WORK TO COMPLETE: Begin with the line that holds "Givenchy Men Black" and retype through the last line of the listing below, exactly; pictures are not part of the copy.

GIVEN MATERIAL:
::::::::

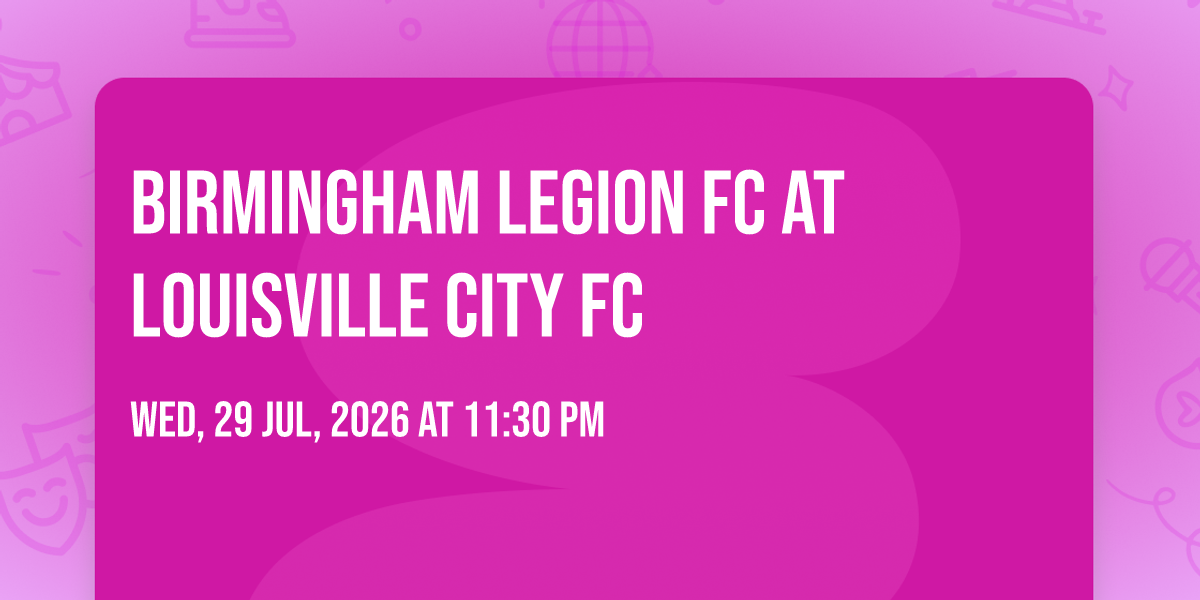 ๐ Location: 38.2596, -85.7333๐ Step into a world of wonder at Birmingham Legion FC at Louisville City FC, where extraordinary moments await! ๐๏ธ Located at Lynn Family Stadium in dynamic Louisville, KY, this event will become the talk of the town. ๐ Join us on July 29th, 2026 at 11:30 PM for a celebration that defies the ordinary. โจ This curated experience brings together the best of entertainment, culture, and community spirit. Every detail has been thoughtfully planned to ensure an unforgettable experience for all our guests. ๐ฏ Take advantage of this opportunity to be part of something special. ๐ Early registration is recommended as space is limited!
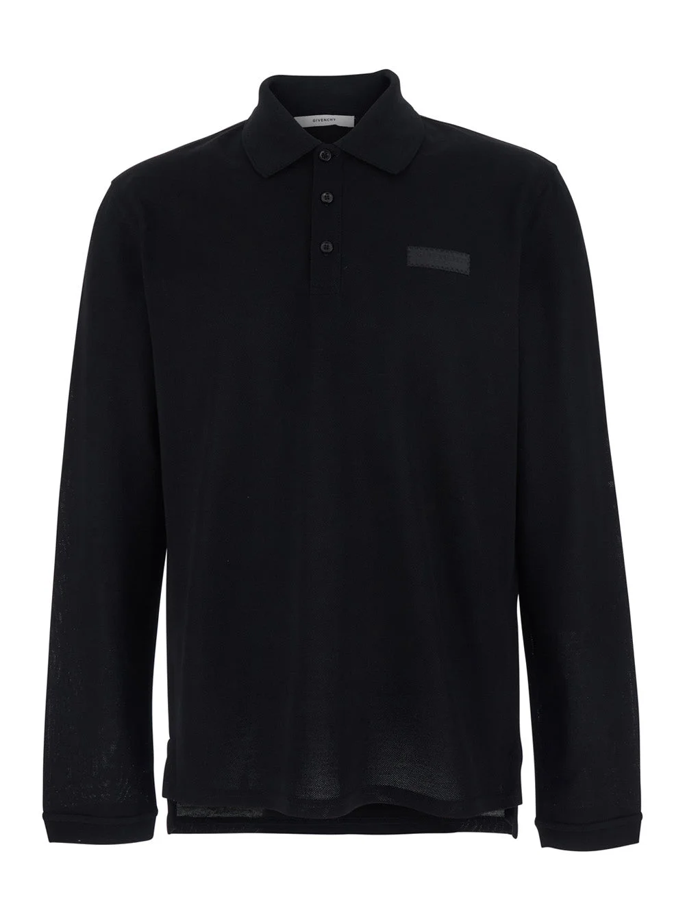 Givenchy Men Black Polo Shirt With Logn Sleeves And Chest Logo Patch In Cotton Man
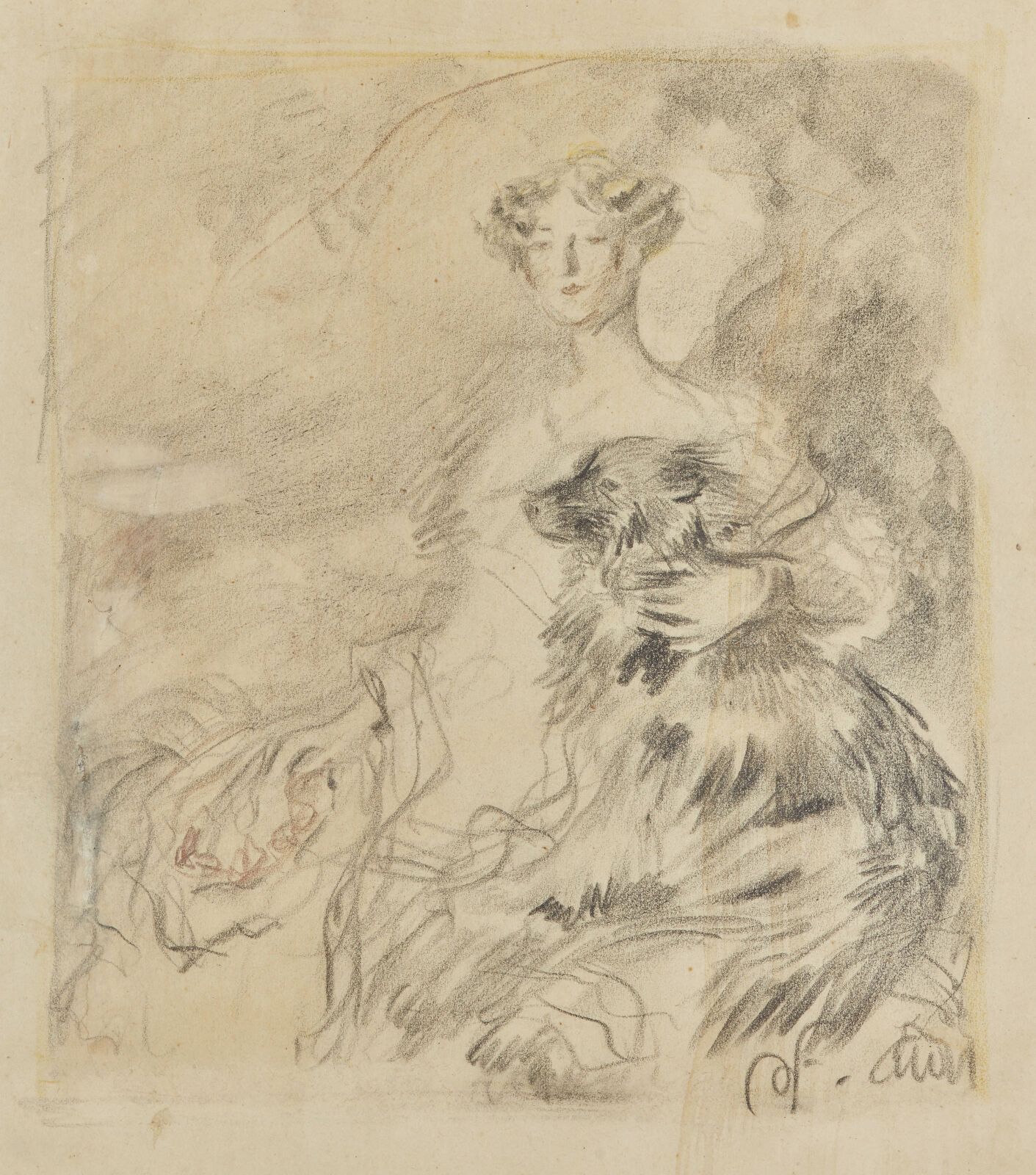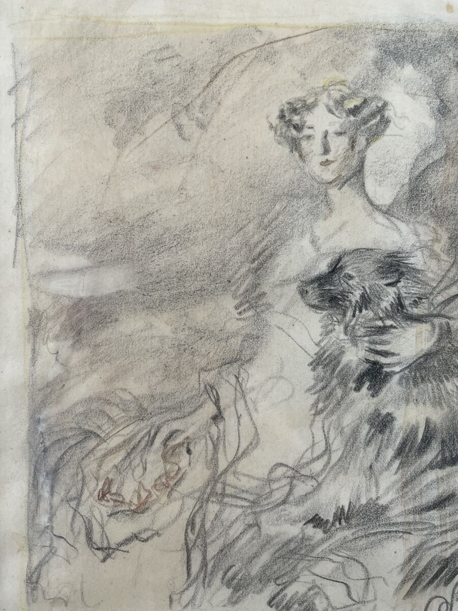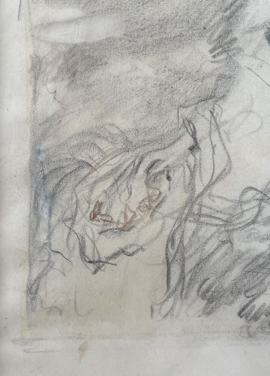 Charcoal and stump drawing, bears an unidentified monogram lower right; framed, under glass.

::::::::

OUTPUT BELOW:
 Givenchy Men Black Polo Shirt With Logn Sleeves And Chest Logo Patch In Cotton Man
 Charcoal and stump drawing, bears an unidentified monogram lower right; framed, under glass.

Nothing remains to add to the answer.